| YOUR ASSIGNMENT |
Take from the entries below the stretch from the line with "2月28日是国际罕见病日。2" through the line with "1949-50, 5s-£2 Arms", and return it exactly, leaving the pictures out.

| EXTRACTED ENTRIES |

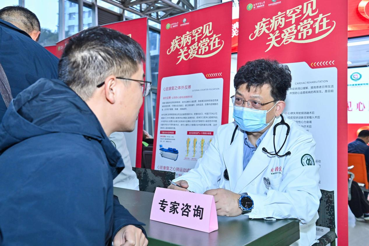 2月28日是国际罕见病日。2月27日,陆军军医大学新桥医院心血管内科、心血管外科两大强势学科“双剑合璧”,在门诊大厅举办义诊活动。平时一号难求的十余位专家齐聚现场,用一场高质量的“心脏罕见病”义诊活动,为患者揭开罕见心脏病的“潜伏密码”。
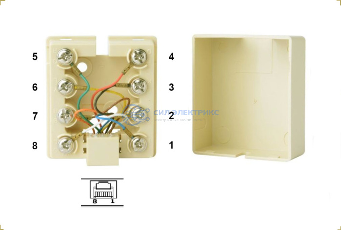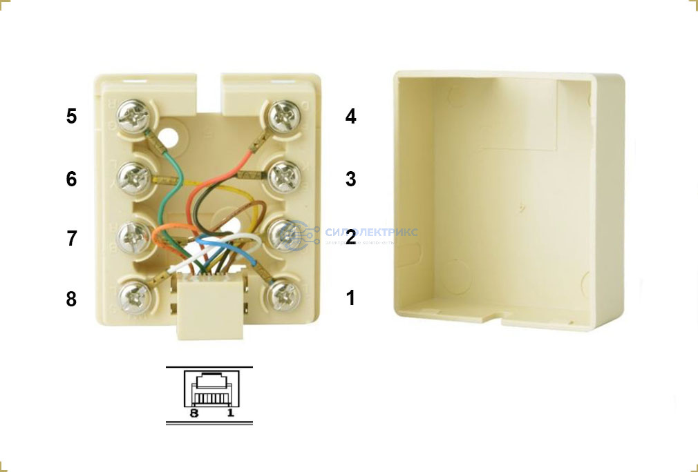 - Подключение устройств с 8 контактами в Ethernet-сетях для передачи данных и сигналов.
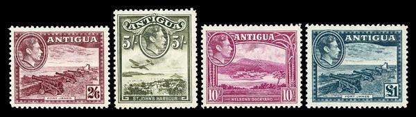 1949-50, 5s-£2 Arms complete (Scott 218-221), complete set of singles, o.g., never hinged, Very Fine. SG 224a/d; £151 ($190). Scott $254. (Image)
* * *
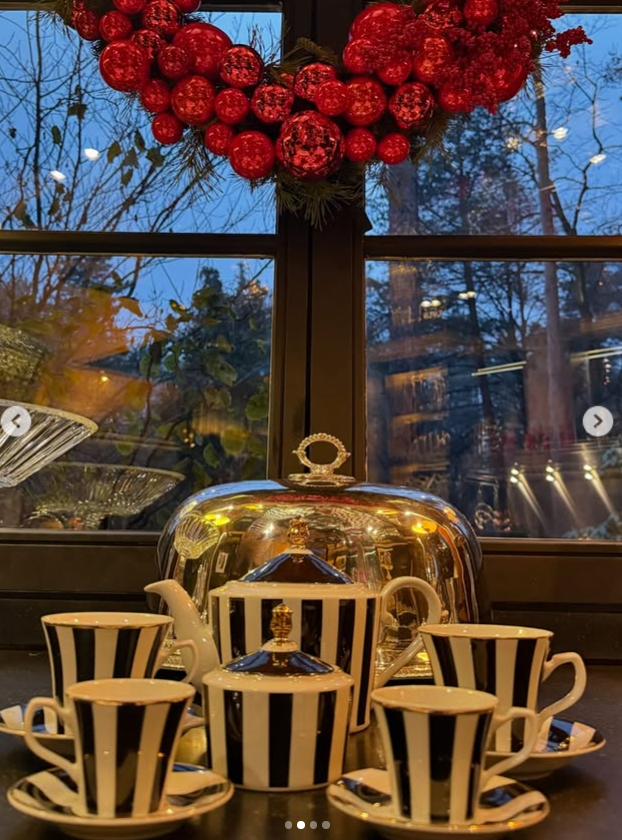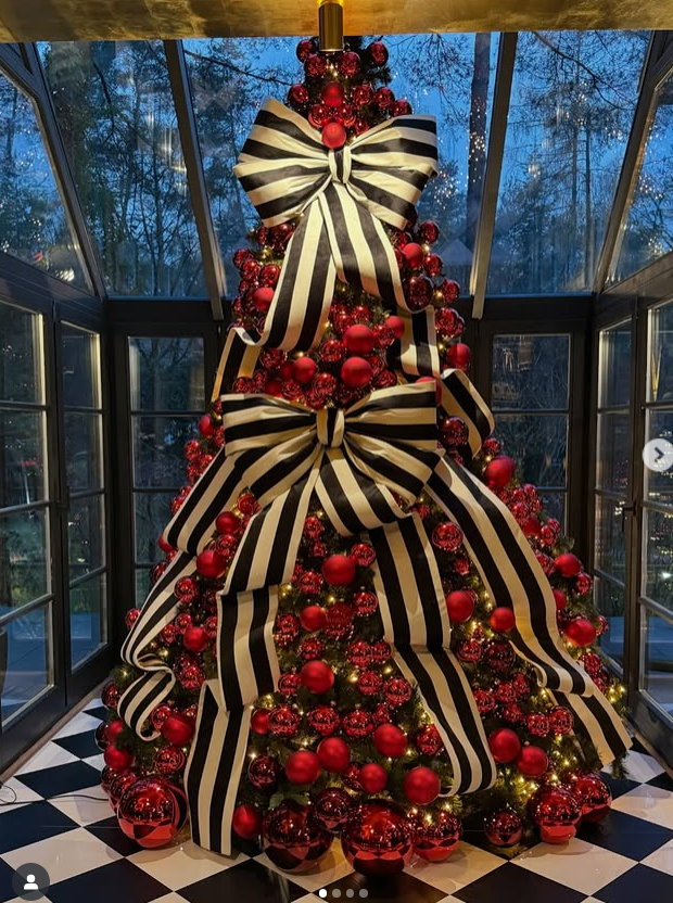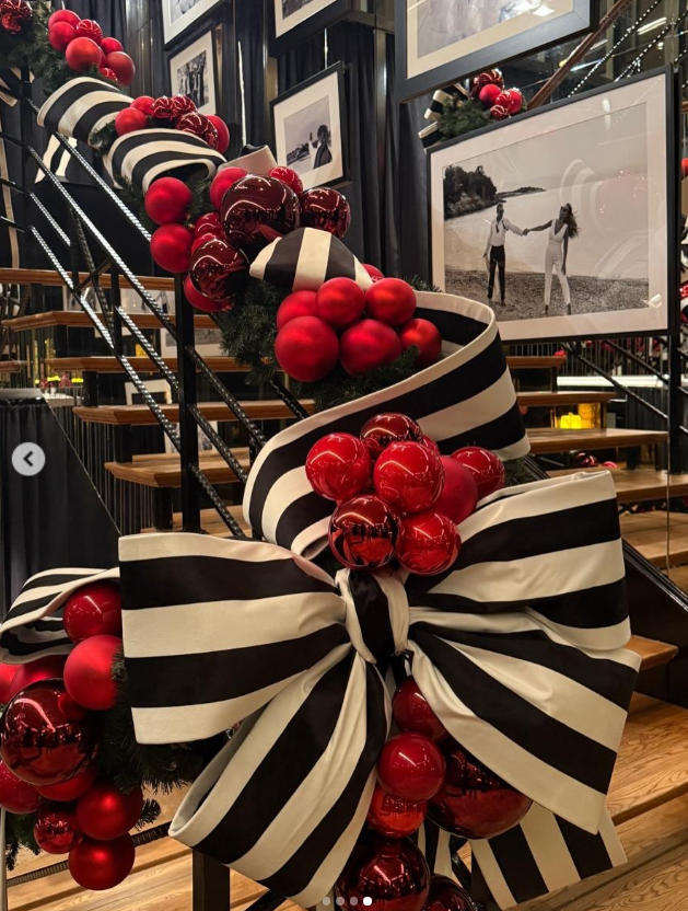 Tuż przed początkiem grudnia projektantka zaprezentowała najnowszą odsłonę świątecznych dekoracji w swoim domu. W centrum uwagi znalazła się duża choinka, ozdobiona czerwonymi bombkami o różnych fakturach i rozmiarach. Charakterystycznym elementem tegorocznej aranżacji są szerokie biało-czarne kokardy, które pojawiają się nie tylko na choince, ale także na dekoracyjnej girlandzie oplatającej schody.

| WRITTEN ANSWER |
 2月28日是国际罕见病日。2月27日,陆军军医大学新桥医院心血管内科、心血管外科两大强势学科“双剑合璧”,在门诊大厅举办义诊活动。平时一号难求的十余位专家齐聚现场,用一场高质量的“心脏罕见病”义诊活动,为患者揭开罕见心脏病的“潜伏密码”。
 - Подключение устройств с 8 контактами в Ethernet-сетях для передачи данных и сигналов.
 1949-50, 5s-£2 Arms complete (Scott 218-221), complete set of singles, o.g., never hinged, Very Fine. SG 224a/d; £151 ($190). Scott $254. (Image)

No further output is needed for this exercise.